County employees start Feed-the-Need drive
OLATHE - Johnson County Government is again preparing to feed a growing need in the Johnson County community.
The county government's 2008 Feed the Need Campaign will officially began with a kickoff celebration Friday,, on the square between the Johnson County Courthouse and Administration Building in downtown Olathe.
The public fundraising, food-collecting program has a Summer Olympics theme with a goal set at 135 tons of food in either cash or food donations. Each donated dollar is roughly equivalent to four pounds of food.
The celebration will feature fun and food for all ages, including games such as Wii Olympics, Olympic Ring Toss, Sand Trap, Motorcycle Showcase, drawings and Bean Bag Toss.
Maury Thompson, 2008 campaign chairman and director of Developmental Supports, will be first up in the Olympic dive tank, followed by several other Olympic hopefuls (county officials) in the water sport of "dunking."
"Johnson County continues to see growing rates of poverty. Our Olympians (our employees), for over 20 years, have participated in a tradition that demonstrates caring and support for their neighbors in need," Thompson said. "I am pleased to see this tradition continue."
Other Feed the Need events include drawings for prizes, donation opportunities and other attractions.
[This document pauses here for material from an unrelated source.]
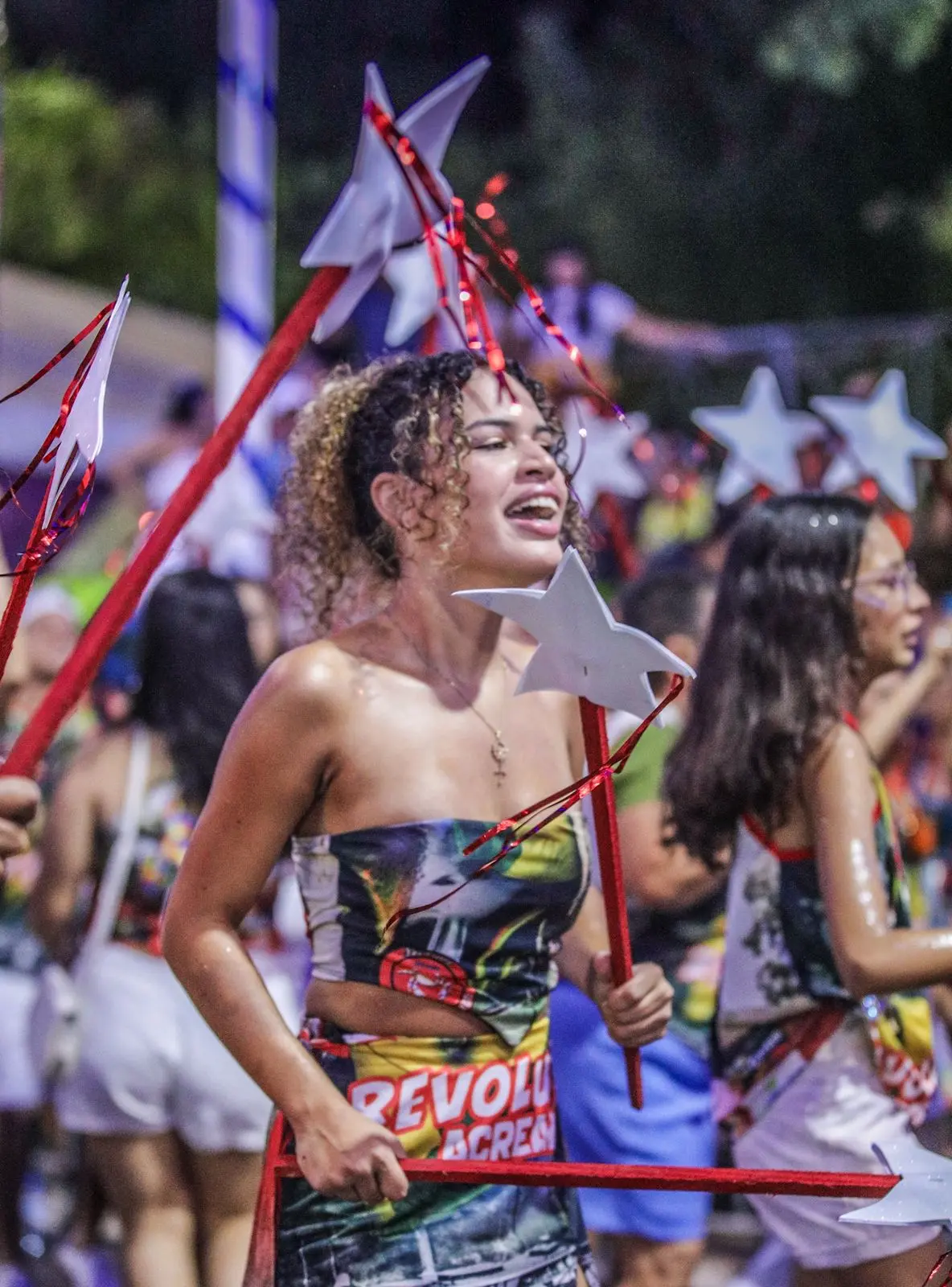 O bloco Sambase, tradicional do bairro da Base, levou para a Avenida Getúlio Vargas, nesta terça-feira, 17, um desfile marcado pela forte identidade histórica e cultural durante o Carnaval Rio Branco Folia – Tradição e Alegria 2026, realizado na capital acreana. Com um samba-enredo em homenagem à Revolução Acreana e à luta do povo que batalhou para que o território se tornasse brasileiro, a agremiação transformou a memória coletiva do estado em espetáculo.

Lunchtime food offerings also will feature the Olympic theme, such as Torched Right Brisket, Gold Medal Spuds, First Place Floats, Torch Run Taquitos, and many others.
The food and cash donations in the 2008 campaign will be used to replenish the supplies available to households in need of assistance from 10 Johnson County food pantries, including five operated by county government.
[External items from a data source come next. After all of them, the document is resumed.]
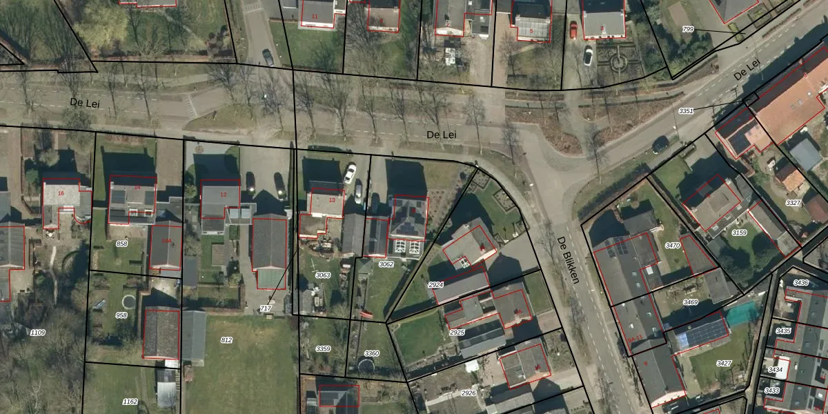 Het perceel waarop De Lei 8 staat heeft een oppervlakte van 716 m². Dit is een groot perceel. De perceeloppervlakte wordt geregistreerd door het Kadaster. Gedetailleerde informatie over de maten van dit perceel kunt u vinden in het rapport Kadastrale kaart met maatvoering van De Lei 8.
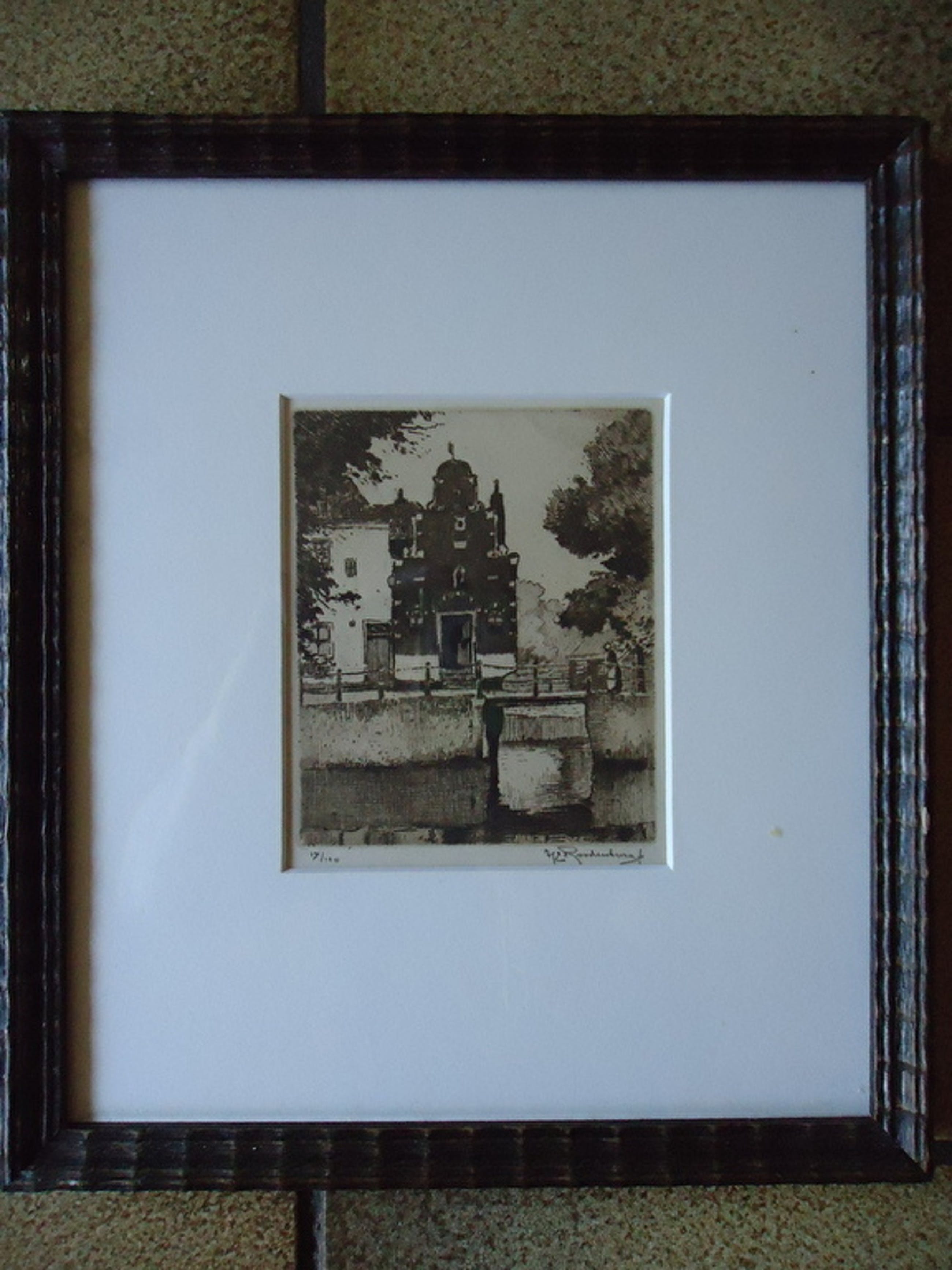 Ets : 12 x 10 cm. Met zuurvrije passe-partout en lijst : 28 x 24 cm.
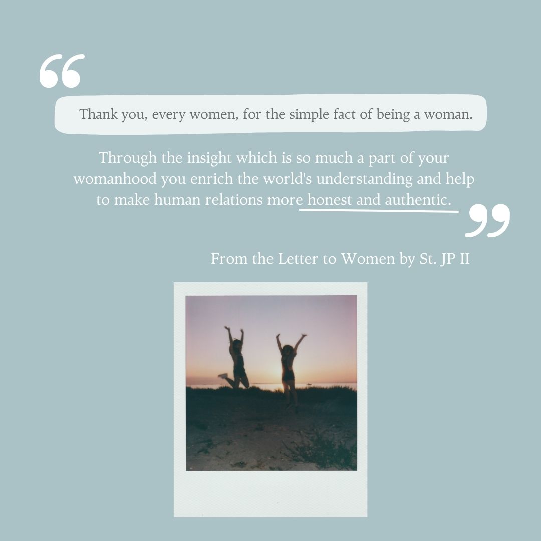 St. Teresa Benedicta of the Cross (Edith Stein) once said “The world doesn’t need what women have, it needs what women are.” In modern times, it is far easier to flow with the current. We desire to be relevant, significant and to belong. Our identity gets easily built on passing things of the world - education, background, appearance, job etc. The secular world will try to define and exploit our identity as women but we must never allow these noises to drown the spiritual gifts that God has bestowed on us. St. John Paul II, a saint of our times, wrote a letter and apostolic exhortation on women (Mulieris Dignitatem) points us to the core identity of what it means to be female as God created us to be. His spiritual fatherhood broadens our perception and aids us in eradicating our own false notions of what being a Catholic woman of our times means.
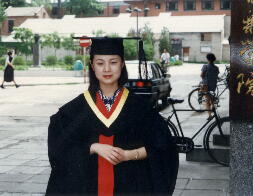 最近「女子十二楽坊」がとても有名になっていますね。中国音楽が日本で知られることは本当に嬉しいです。彼女たちのおかげで、日本の方が中国音楽を、特に中国琵琶を好きになっていただければ幸いです。また、メンバーの殆どは私と同じ大学で、親しい人もいました。とても懐かしいです。学生時代のことをいろいろ思い出しました。昔のアルバムを開いたら、卒業写真が出てきました。(左の写真は卒業式の時のものです) |
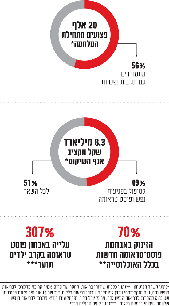 דוח של תוכנית "מטפלים בנפש" של חברת טבע מצא כי 47% מהציבור מדווחים על הרעה במצבם הנפשי מאז 7.10 אך רק 50% מהמעוניינים בטיפול נפשי קיבלו אותו. 41% מהמטפלים מעידים שהמטופלים שלהם אינם מקבלים מספיק טיפולים. חברת הקנאביס הרפואי סאיקי מצאה בסקר שערכה שכמחצית מהישראלים מכירים אדם שסובל מפגיעה נפשית בעקבות טראומה.

According to Kim Mayer, public information officer for the Department of Human Services and Aging, there has been a 31 percent increase in requests for assistance and more households are asking for assistance. From January 1 to June 17, 2007, the pantries assisted 848 households with food. For the same period this year, 997 households have been assisted.
The increased demand is being driven up by rising costs of food, housing, utilities, health care, and gasoline.
"Our food pantries can always use food; the shelves are especially bare over the summer," Mayer said. "Summer is the most difficult time for our food pantries. We experience a decline in food donations because school food drives are not being held. Also, children are home from school, so parents are responsible for providing three meals a day. During the school year, many of our children receive free or reduced breakfast and lunch at school."